THIS OPINION HAS NO PRECEDENTIAL VALUE.  IT SHOULD NOT BE CITED OR RELIED ON AS
PRECEDENT IN ANY PROCEEDING EXCEPT AS PROVIDED BY RULE 239(d)(2), SCACR.

THE STATE OF SOUTH CAROLINA
In The Court of Appeals

In The Interest of A., Corey, A Juvenile Under The Age of Seventeen, Appellant.


Appeal From Richland County
 Donna S. Strom, Family Court Judge
 Kellum W. Allen, Family Court Judge


Unpublished Opinion No.  2006-UP-195
Submitted April 1, 2006 – Filed April 12, 2006


APPEAL DISMISSED


Assistant Appellate Defender Tara S. Taggart, Office of Appellate Defense, of Columbia, for Appellant.

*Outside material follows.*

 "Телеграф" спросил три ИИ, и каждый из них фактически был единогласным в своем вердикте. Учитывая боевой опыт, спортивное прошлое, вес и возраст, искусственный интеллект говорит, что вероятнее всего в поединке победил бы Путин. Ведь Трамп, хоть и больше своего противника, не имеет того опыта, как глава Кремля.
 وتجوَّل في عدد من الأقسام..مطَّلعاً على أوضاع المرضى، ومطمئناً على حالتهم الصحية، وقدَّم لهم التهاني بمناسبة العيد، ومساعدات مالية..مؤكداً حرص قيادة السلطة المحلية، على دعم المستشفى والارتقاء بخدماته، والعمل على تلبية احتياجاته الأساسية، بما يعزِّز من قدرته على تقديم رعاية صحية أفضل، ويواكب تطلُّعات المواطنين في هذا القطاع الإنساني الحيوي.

Attorney General Henry Dargan McMaster, Chief Deputy Attorney General John W. McIntosh, Assistant Deputy Attorney General Salley W. Elliott, Office of the Attorney General, all of Columbia; and Solicitor Warren Blair Giese, of Columbia, for Respondent.

PER CURIAM:  On September 8, 2004, Investigator A.W. Branham swore out a juvenile petition against sixteen year-old Corey A.  The petition alleged that over a period of two months Corey engaged in criminal sexual conduct with a minor in the second degree.  Pursuant to a plea agreement, he pled guilty to the lesser-included offense of ABHAN on November 16, 2004.  The court adjudicated Corey delinquent and ordered him to undergo a community evaluation.  Subsequently, on March 16, 2005, Corey reappeared before the family court for a dispositional hearing.  The court committed him to the Department of Juvenile Justice for a period not to exceed his twenty-first birthday.  Corey appeals arguing the family court failed to comply with the mandates set forth in Boykin v. Alabama, 395 U.S. 238 (1969).  Pursuant to Anders v. California, 386 U.S. 738 (1967), Corey’s counsel attached a petition to be relieved, stating she reviewed the record and concluded this appeal lacks merit.

After a thorough review of the record pursuant to Anders and State v. Williams, 305 S.C. 116, 406 S.E.2d 357 (1991), we dismiss the appeal and grant counsel’s petition to be relieved.

APPEAL DISMISSED.[1]

BEATTY, SHORT, and WILLIAMS, JJ., concur.


[1] We decide this case without oral argument pursuant to Rule 215, SCACR.